* [PROBLEM TO WORK ON] Could the lines from the line bearing "Soosâ„¢ Natural Mineral" to the end of the records below be copied exactly, with the pictures left out and no other lines added?

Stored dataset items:
· · · · ·

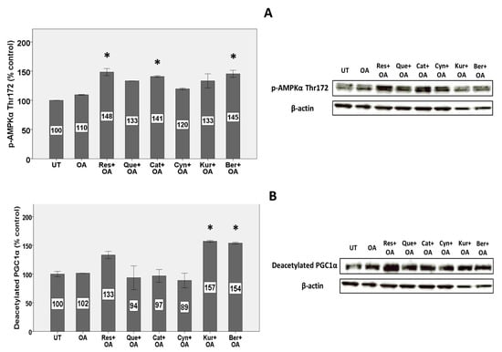 Treatment with OA did not change the phosphorylation of AMPKα on threonine 172 (p-AMPKαThr172), while some polyphenols such as resveratrol, berberine, and catechin induced the phosphorylation by 35, 32, and 28%, respectively (Figure 4A).
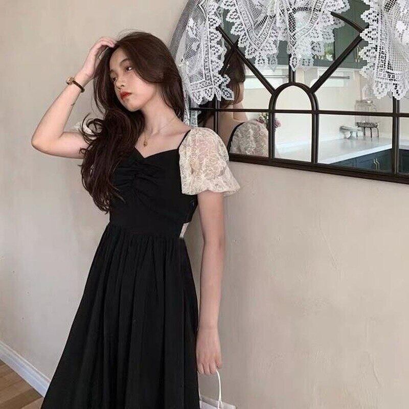 夏のドレスの女性 V ネック半袖黒のドレスパーティーオフィスレディシックなレース Vestidos ショート ブラック ハーフスリーブ サマー 夏物 Vネック 会社 学校 通勤や通学にも bel82755555606 | aliel
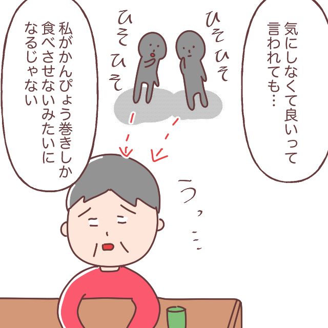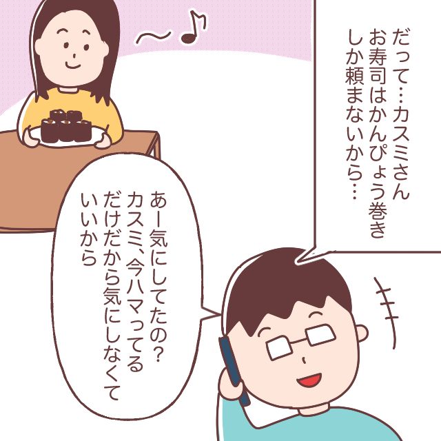 ダイキの反応は、ごまかしているようには聞こえませんでしたが、やっぱり周りの視線が気になる私。「気にしなくても良いって言われても・・・私がかんぴょう巻きしか食べさせないみたいになるじゃない」とダイキに心配していたことを伝えました。
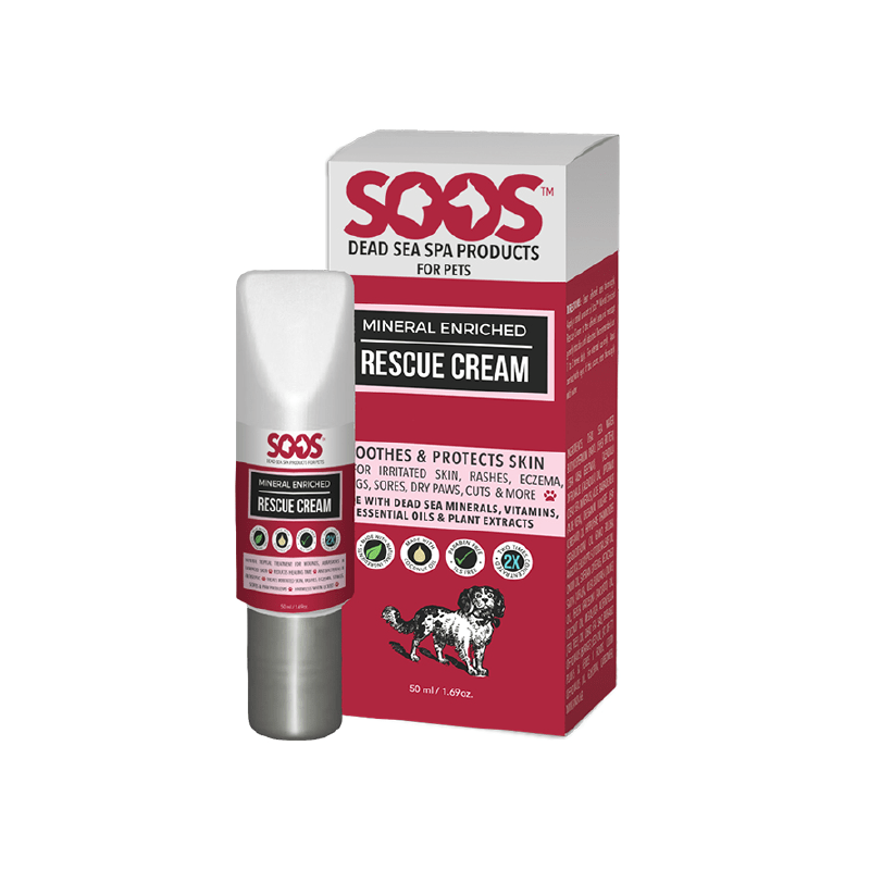 Soosâ„¢ Natural Mineral Enriched Rescue Cream is made with 93 different natural remedies to stop pain, create a protective barrier and prevent infection. Â It absorbs immediately so it’s harmless when licked.
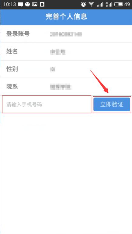 3下载完成后、点击APP进入登陆界面、输入学号或者工号和初始密码(123456)进行登陆。登陆完成后、核对学生信息是否正确、填写手机号码接收验证码进行注册登陆。
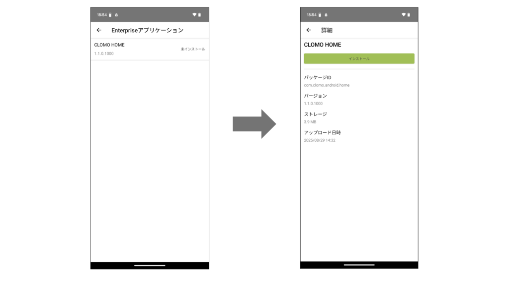 CLOMO MDM Agent 内の Enterprise アプリのインストール画面

· · · · ·

* [SOLUTION FOR THIS PROBLEM]
 Soosâ„¢ Natural Mineral Enriched Rescue Cream is made with 93 different natural remedies to stop pain, create a protective barrier and prevent infection. Â It absorbs immediately so it’s harmless when licked.
 3下载完成后、点击APP进入登陆界面、输入学号或者工号和初始密码(123456)进行登陆。登陆完成后、核对学生信息是否正确、填写手机号码接收验证码进行注册登陆。
 CLOMO MDM Agent 内の Enterprise アプリのインストール画面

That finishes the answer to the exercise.